*** Collected data ***
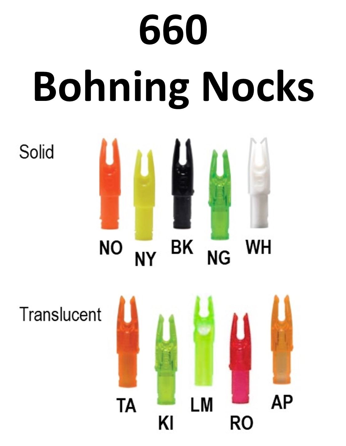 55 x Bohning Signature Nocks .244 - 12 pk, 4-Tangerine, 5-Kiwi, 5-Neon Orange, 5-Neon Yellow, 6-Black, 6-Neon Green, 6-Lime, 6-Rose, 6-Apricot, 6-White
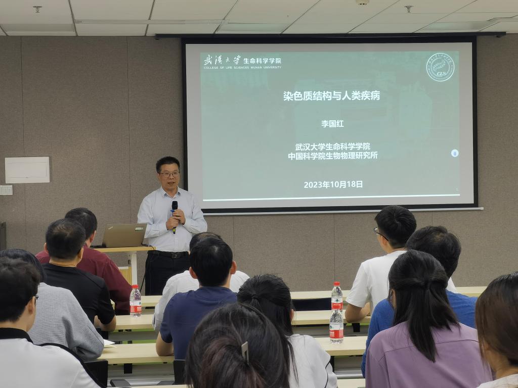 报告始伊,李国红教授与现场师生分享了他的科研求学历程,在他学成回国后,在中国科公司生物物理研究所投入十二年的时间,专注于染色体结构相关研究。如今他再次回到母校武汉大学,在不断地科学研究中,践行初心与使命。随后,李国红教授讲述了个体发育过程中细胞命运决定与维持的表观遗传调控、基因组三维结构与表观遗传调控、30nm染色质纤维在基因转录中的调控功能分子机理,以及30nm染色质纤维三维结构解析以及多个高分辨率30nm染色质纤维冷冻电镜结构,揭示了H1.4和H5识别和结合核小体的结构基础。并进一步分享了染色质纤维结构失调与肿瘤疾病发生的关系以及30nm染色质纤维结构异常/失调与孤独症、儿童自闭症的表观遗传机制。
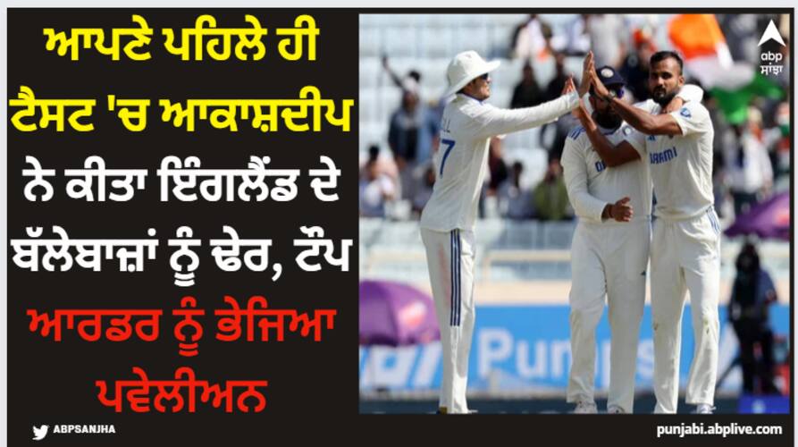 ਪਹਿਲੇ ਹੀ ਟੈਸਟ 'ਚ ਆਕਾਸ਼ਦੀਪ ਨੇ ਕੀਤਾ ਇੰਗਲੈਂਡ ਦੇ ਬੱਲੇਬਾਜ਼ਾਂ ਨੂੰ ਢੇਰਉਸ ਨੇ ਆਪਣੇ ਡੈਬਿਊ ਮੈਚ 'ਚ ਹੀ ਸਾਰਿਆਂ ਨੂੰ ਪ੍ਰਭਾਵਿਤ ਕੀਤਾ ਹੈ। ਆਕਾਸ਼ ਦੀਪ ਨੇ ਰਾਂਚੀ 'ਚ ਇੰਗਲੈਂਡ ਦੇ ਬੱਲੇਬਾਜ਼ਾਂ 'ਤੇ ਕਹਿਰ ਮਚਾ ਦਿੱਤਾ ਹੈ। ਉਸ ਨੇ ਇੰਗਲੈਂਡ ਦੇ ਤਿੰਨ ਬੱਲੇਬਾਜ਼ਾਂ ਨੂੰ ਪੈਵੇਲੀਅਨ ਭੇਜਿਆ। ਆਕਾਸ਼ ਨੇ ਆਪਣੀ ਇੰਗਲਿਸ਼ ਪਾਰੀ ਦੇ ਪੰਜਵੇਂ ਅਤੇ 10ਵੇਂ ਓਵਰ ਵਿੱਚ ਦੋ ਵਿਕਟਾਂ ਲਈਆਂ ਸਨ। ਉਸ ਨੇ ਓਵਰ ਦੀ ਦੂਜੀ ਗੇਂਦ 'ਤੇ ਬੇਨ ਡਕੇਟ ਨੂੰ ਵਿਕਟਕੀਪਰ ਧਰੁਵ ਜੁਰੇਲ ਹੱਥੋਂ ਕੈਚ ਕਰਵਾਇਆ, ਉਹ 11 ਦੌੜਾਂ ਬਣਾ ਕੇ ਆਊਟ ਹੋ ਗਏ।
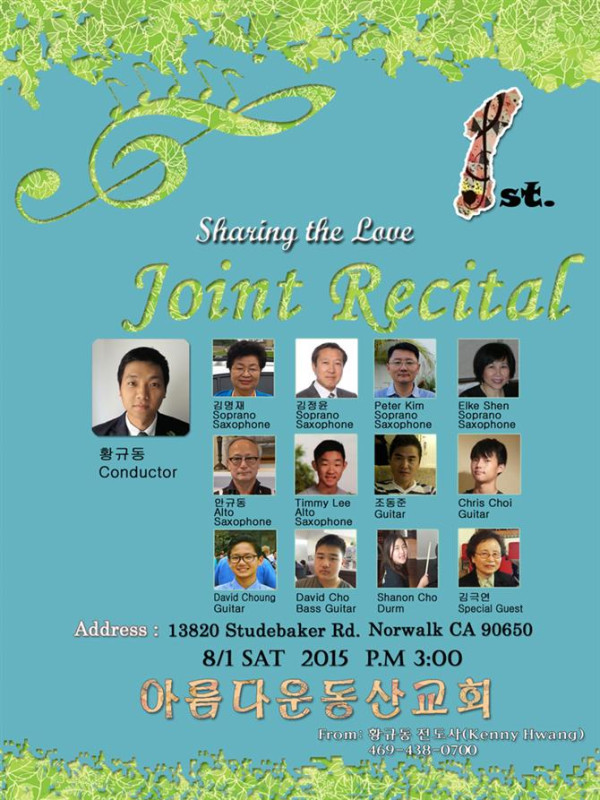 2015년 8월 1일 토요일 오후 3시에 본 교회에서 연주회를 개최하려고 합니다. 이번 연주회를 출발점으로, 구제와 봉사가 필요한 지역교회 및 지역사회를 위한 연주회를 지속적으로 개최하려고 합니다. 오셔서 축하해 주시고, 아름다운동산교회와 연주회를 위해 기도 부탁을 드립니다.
*** End of Collected data ***
### Work item
All lines above must be repeated exactly, and the pictures must be omitted.

### Completed task
 55 x Bohning Signature Nocks .244 - 12 pk, 4-Tangerine, 5-Kiwi, 5-Neon Orange, 5-Neon Yellow, 6-Black, 6-Neon Green, 6-Lime, 6-Rose, 6-Apricot, 6-White
 报告始伊,李国红教授与现场师生分享了他的科研求学历程,在他学成回国后,在中国科公司生物物理研究所投入十二年的时间,专注于染色体结构相关研究。如今他再次回到母校武汉大学,在不断地科学研究中,践行初心与使命。随后,李国红教授讲述了个体发育过程中细胞命运决定与维持的表观遗传调控、基因组三维结构与表观遗传调控、30nm染色质纤维在基因转录中的调控功能分子机理,以及30nm染色质纤维三维结构解析以及多个高分辨率30nm染色质纤维冷冻电镜结构,揭示了H1.4和H5识别和结合核小体的结构基础。并进一步分享了染色质纤维结构失调与肿瘤疾病发生的关系以及30nm染色质纤维结构异常/失调与孤独症、儿童自闭症的表观遗传机制。
 ਪਹਿਲੇ ਹੀ ਟੈਸਟ 'ਚ ਆਕਾਸ਼ਦੀਪ ਨੇ ਕੀਤਾ ਇੰਗਲੈਂਡ ਦੇ ਬੱਲੇਬਾਜ਼ਾਂ ਨੂੰ ਢੇਰਉਸ ਨੇ ਆਪਣੇ ਡੈਬਿਊ ਮੈਚ 'ਚ ਹੀ ਸਾਰਿਆਂ ਨੂੰ ਪ੍ਰਭਾਵਿਤ ਕੀਤਾ ਹੈ। ਆਕਾਸ਼ ਦੀਪ ਨੇ ਰਾਂਚੀ 'ਚ ਇੰਗਲੈਂਡ ਦੇ ਬੱਲੇਬਾਜ਼ਾਂ 'ਤੇ ਕਹਿਰ ਮਚਾ ਦਿੱਤਾ ਹੈ। ਉਸ ਨੇ ਇੰਗਲੈਂਡ ਦੇ ਤਿੰਨ ਬੱਲੇਬਾਜ਼ਾਂ ਨੂੰ ਪੈਵੇਲੀਅਨ ਭੇਜਿਆ। ਆਕਾਸ਼ ਨੇ ਆਪਣੀ ਇੰਗਲਿਸ਼ ਪਾਰੀ ਦੇ ਪੰਜਵੇਂ ਅਤੇ 10ਵੇਂ ਓਵਰ ਵਿੱਚ ਦੋ ਵਿਕਟਾਂ ਲਈਆਂ ਸਨ। ਉਸ ਨੇ ਓਵਰ ਦੀ ਦੂਜੀ ਗੇਂਦ 'ਤੇ ਬੇਨ ਡਕੇਟ ਨੂੰ ਵਿਕਟਕੀਪਰ ਧਰੁਵ ਜੁਰੇਲ ਹੱਥੋਂ ਕੈਚ ਕਰਵਾਇਆ, ਉਹ 11 ਦੌੜਾਂ ਬਣਾ ਕੇ ਆਊਟ ਹੋ ਗਏ।
 2015년 8월 1일 토요일 오후 3시에 본 교회에서 연주회를 개최하려고 합니다. 이번 연주회를 출발점으로, 구제와 봉사가 필요한 지역교회 및 지역사회를 위한 연주회를 지속적으로 개최하려고 합니다. 오셔서 축하해 주시고, 아름다운동산교회와 연주회를 위해 기도 부탁을 드립니다.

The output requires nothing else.